ROGUE ARCHITECT
The American Masters documentary Eero Saarinen: The Architect Who Saw the Future is really two different films spliced together. It’s a hagiography of the modern architect, with photographs and footage of his best-know works. And it’s a conflicted My Architect-type portrait of the man by his eldest son, Eric Saarinen, who narrates the film. Like Louis Kahn, the subject of My Architect, Eero Saarinen left his eldest son and first wife for another woman and started another family. And, like Kahn, he’s ulitmately pardoned by his abandoned son because he’s a genius.
The accomplished cinematorgraphy, that includes dazzling aerial sequences, takes us through the General Motors and John Deere campuses, the Miller House, Ingalls Rink, Kresge Auditorium, Dulles Airport, and the TWA Terminal. These lyrical passages go beyond the iconic, expressionistic, black-and-white Ezra Stoller photographs of the same projects. In addition to seductive views, they give a sense of the buildings’ rich physicality, spatial complexity, and peculiar asymmetries.
Eric Saarinen’s personal account of his father is touching, but holds the film back from exploring more deeply the development and detail of the buildings. Instead of landmark modern structures, each one is framed as an artifact from the architect’s biography. We learn in considerable detail how the architect falls in love, gets married, has children, meets another woman, leaves his first family, marries again, has another child, and dies at the age of 51. An off-screen narrator even reads to us, pointlessly, from the love letters he wrote to his mistress. In between, we learn about his buildings.

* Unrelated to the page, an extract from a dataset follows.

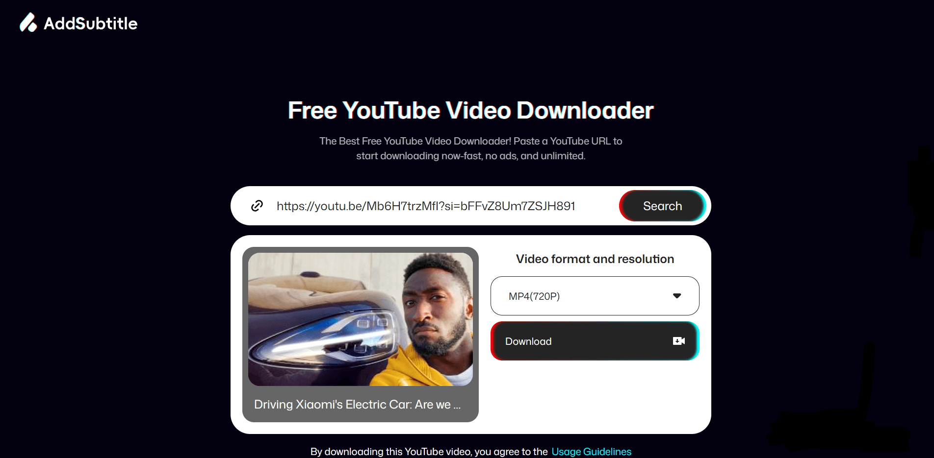 AddSubtitle を使えば、YouTube 動画をシンプル・高速・完全無料でダウンロードできます。

It’s confusing but not terribly surprising that accomplished men behave less-than-heroically in their domestic lives. Eero Saarinen’s personal life was eventful but had no impact on his work. (The only major architect I can think of whose personal life is inseparable from his work is Frank Lloyd Wright.) My favorite image from the film is a black and white photo of the architect lying flat on his stomach inside an enlarged cardboard study model of the TWA Terminal, his legs hanging off the edge of the table. It illustrates clearly his passion for architecture, one that’s both ennobling and humanizing.